If you are a man and you have adventures, the first time you tell a story (that same year) you remember it quite clearly. Then as time progresses you remember less and less of it.
I find that the memories of women are much better generally than the memories of men. Men tend to be more problem solvers so we tend to keep our minds in the present more to solve problems.
Whereas women traditionally for thousands of years were the keepers of the home and all the details of home and food and cooking and finding clothes and making clothes and all that.
Whereas look back through history and most of the time men were asked to solve problems more in the moment like,
"It's flooding what do we do?"
"There are people trying to kill us what do we do?"
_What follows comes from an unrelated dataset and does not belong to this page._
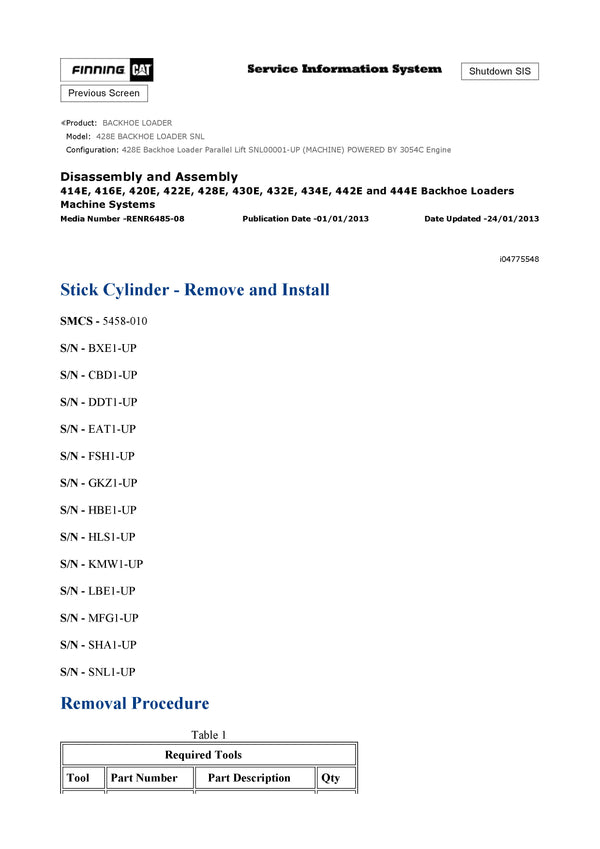 DOWNLOAD CATERPILLAR 428E BACKHOE LOADER SERVICE REPAIR MANUAL SNL
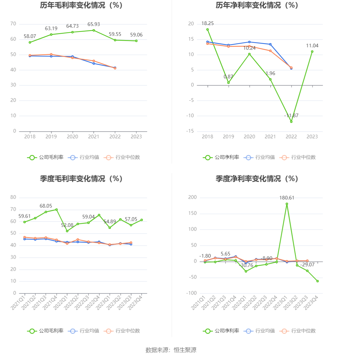 2023年,公司毛利率为59.06%,同比下降0.49个百分点;净利率为11.04%,较上年同期上升22.91个百分点。从单季度指标来看,2023年第四季度公司毛利率为61.42%,同比下降4.08个百分点,环比上升4.37个百分点;净利率为-61.41%,较上年同期下降60.11个百分点,较上一季度下降32.34个百分点。

"The house is on fire what do we do?"
So, a man is more genetically trained for this kind of thing because all the men who weren't good at this already died along with their families. So, other genetics already died out.
So, the problem now becomes, "What happens to a man over the years?
Does he remember ever detail of everything he ever did?
Usuallly No!
He might not even remember all the names of the women he slept with before he was 25 or 30 and got married.
So, I think if men were women all this problem would make more sense than it presently does.
So, unless a man writes down what he did when he did it and then rereads this as a script, he likely isn't going to remember all the details and this could result in embellishments along the way.
So, in this way most successful men are "Legends in their own minds".
This is just he way it is for those of us who survive everything and live to an old age and are still alive and kicking and okay in our 60 and 70s and hopefully beyond.